*Stored data*.

*-*-*

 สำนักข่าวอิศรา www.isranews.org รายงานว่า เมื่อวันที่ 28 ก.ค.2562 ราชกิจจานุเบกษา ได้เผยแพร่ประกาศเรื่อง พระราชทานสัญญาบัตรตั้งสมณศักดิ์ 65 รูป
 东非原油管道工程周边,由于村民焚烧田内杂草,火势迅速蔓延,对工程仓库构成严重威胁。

*-*-*

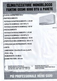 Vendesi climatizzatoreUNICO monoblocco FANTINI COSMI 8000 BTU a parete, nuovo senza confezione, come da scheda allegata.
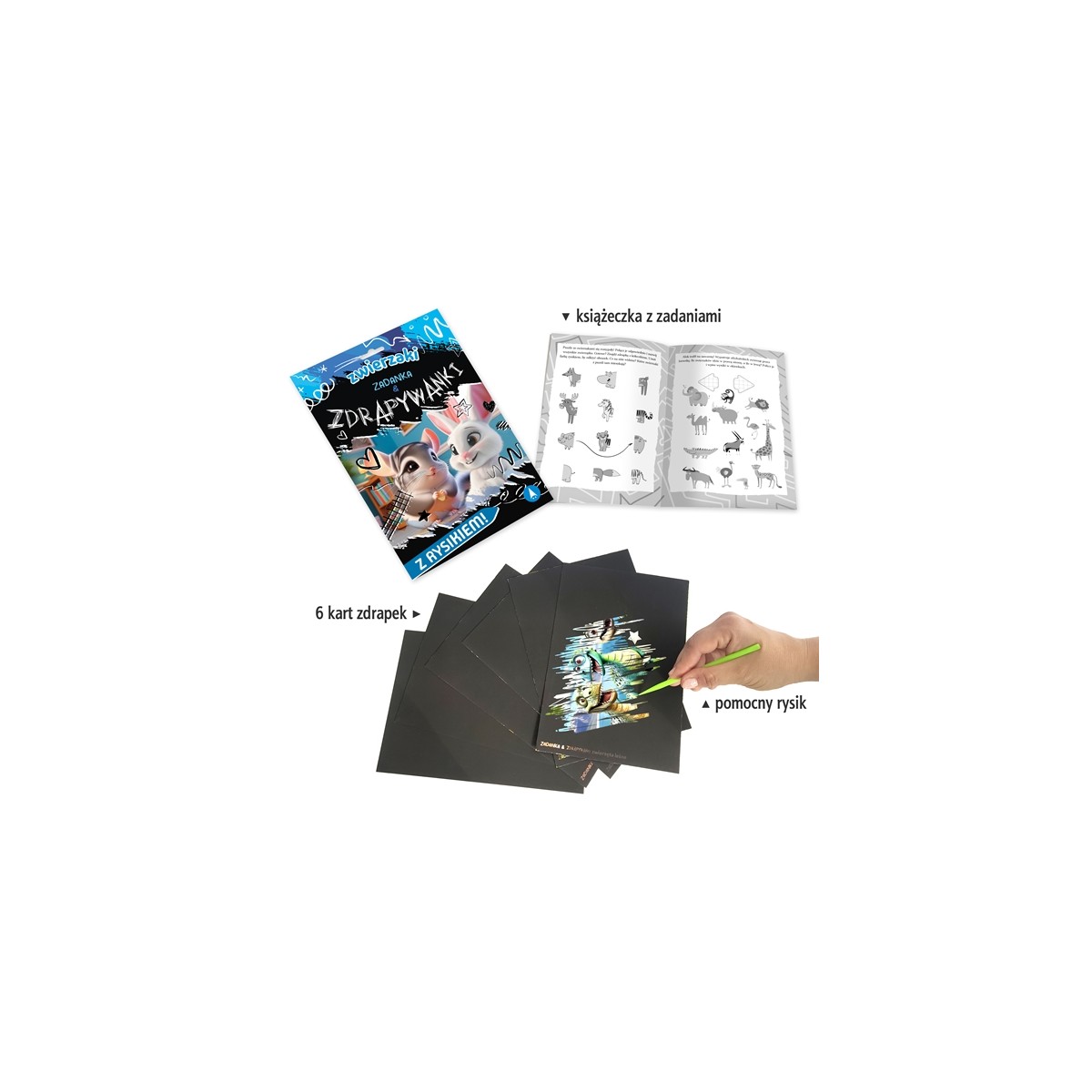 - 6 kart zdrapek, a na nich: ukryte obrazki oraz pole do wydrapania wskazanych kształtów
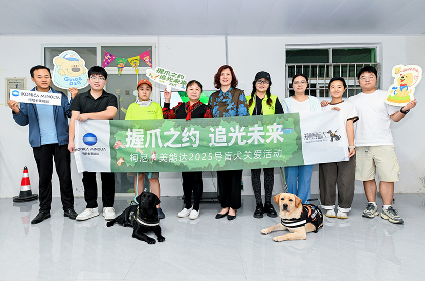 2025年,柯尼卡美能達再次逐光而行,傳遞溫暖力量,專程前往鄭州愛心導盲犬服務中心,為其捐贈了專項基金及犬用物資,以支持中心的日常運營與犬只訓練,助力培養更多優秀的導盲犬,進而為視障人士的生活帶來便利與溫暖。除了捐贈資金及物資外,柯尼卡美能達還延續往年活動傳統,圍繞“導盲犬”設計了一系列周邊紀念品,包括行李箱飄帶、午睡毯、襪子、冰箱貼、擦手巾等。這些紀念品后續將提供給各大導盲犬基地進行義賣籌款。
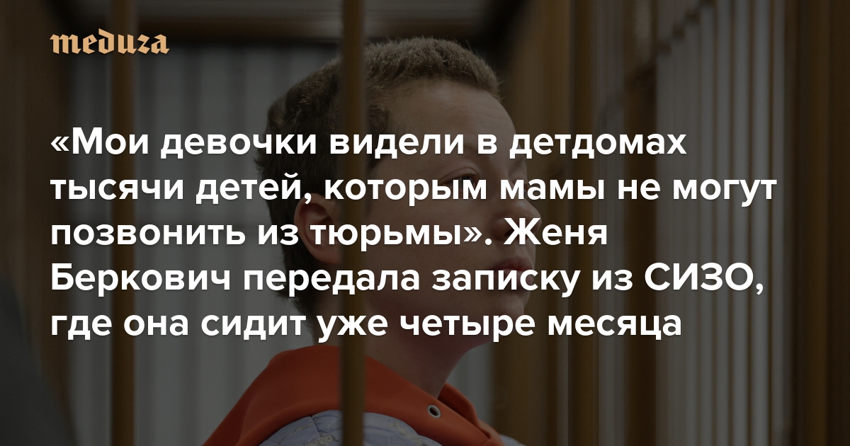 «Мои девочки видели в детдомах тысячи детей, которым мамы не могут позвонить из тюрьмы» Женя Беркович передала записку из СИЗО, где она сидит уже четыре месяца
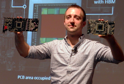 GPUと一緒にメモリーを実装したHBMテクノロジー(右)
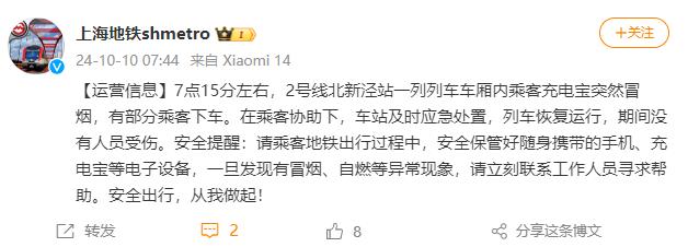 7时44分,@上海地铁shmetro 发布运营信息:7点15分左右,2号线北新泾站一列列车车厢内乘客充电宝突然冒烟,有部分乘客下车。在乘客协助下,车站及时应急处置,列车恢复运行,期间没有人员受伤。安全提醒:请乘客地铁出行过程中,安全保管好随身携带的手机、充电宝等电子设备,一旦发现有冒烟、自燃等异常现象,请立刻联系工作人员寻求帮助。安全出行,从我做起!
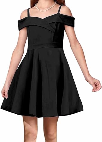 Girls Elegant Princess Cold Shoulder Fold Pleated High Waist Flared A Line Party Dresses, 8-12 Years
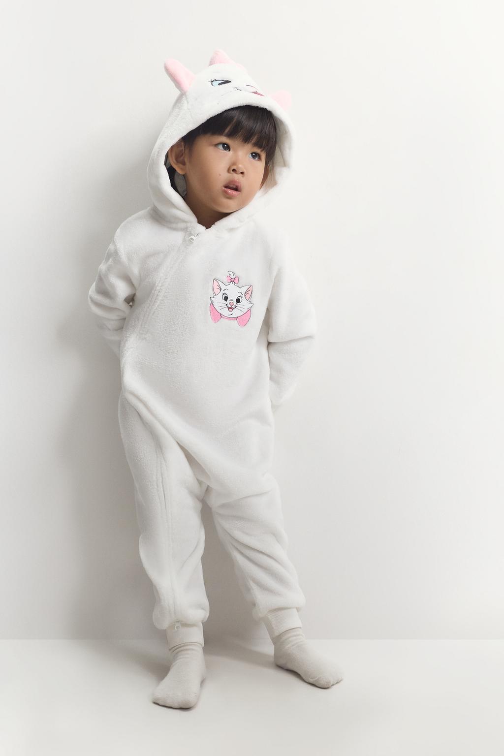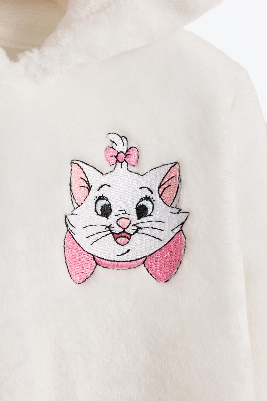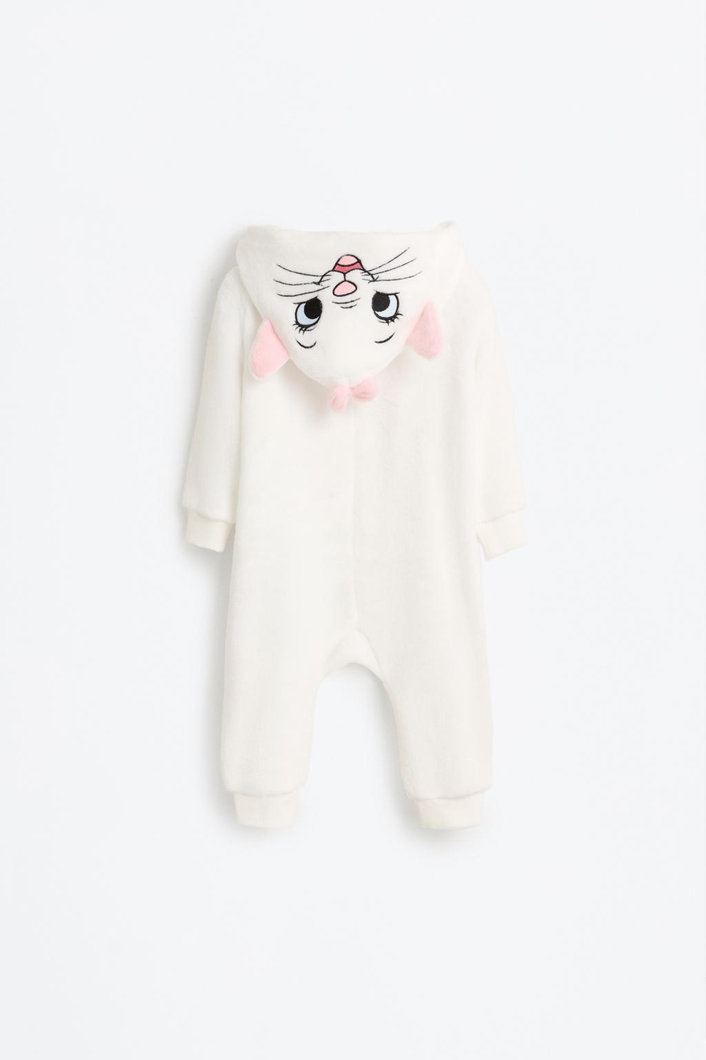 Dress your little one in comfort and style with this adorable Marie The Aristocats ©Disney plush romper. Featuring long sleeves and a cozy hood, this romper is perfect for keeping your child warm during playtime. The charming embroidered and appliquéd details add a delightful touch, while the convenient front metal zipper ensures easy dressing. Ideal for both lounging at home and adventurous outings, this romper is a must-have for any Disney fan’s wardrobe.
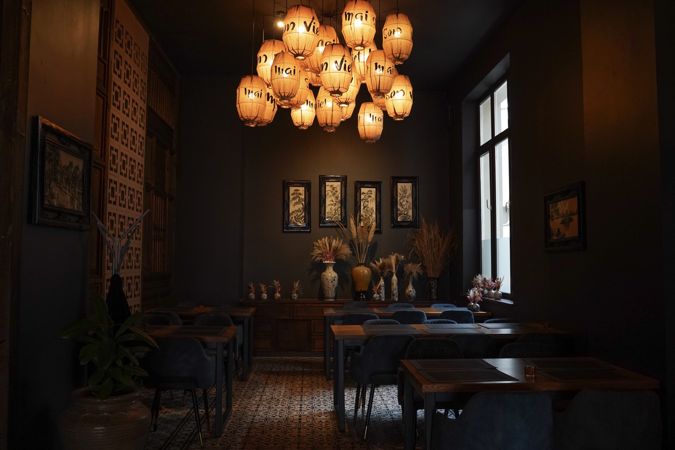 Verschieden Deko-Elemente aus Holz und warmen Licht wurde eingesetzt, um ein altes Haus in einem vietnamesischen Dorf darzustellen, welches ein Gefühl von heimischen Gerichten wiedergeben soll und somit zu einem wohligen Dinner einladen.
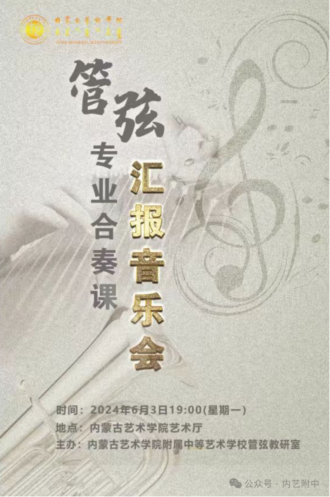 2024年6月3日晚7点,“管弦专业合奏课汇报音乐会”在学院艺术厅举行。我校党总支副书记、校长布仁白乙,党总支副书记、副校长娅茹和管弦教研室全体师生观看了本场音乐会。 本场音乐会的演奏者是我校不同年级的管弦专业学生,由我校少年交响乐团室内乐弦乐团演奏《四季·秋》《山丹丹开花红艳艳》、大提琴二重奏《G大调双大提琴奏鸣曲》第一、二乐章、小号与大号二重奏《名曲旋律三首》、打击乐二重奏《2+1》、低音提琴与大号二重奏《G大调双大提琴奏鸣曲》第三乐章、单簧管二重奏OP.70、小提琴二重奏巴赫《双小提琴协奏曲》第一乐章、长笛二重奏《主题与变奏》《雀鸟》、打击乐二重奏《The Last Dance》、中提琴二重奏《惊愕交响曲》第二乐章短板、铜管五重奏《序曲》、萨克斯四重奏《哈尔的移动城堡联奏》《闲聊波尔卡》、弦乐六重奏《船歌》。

*-*-*

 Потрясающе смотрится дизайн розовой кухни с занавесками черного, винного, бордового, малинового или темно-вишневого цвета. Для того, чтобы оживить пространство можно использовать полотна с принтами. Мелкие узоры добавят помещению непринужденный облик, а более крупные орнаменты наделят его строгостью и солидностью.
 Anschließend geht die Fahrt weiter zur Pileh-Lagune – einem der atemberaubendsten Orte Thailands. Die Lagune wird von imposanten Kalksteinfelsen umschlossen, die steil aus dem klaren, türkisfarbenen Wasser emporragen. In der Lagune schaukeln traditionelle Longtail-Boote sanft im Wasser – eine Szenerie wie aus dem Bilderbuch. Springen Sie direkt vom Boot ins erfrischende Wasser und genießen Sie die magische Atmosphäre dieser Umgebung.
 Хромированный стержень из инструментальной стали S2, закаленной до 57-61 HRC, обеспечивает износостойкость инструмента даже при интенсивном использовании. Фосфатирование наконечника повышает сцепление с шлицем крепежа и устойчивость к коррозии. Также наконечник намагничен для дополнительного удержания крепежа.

*-*-*

*Work required*. In the entries above, every line from the line with "Girls Elegant Princess" to the line with "Verschieden Deko-Elemente aus" is to be printed exactly, with both ends included and pictures excluded.

*Solution*.
 Girls Elegant Princess Cold Shoulder Fold Pleated High Waist Flared A Line Party Dresses, 8-12 Years
 Dress your little one in comfort and style with this adorable Marie The Aristocats ©Disney plush romper. Featuring long sleeves and a cozy hood, this romper is perfect for keeping your child warm during playtime. The charming embroidered and appliquéd details add a delightful touch, while the convenient front metal zipper ensures easy dressing. Ideal for both lounging at home and adventurous outings, this romper is a must-have for any Disney fan’s wardrobe.
 Verschieden Deko-Elemente aus Holz und warmen Licht wurde eingesetzt, um ein altes Haus in einem vietnamesischen Dorf darzustellen, welches ein Gefühl von heimischen Gerichten wiedergeben soll und somit zu einem wohligen Dinner einladen.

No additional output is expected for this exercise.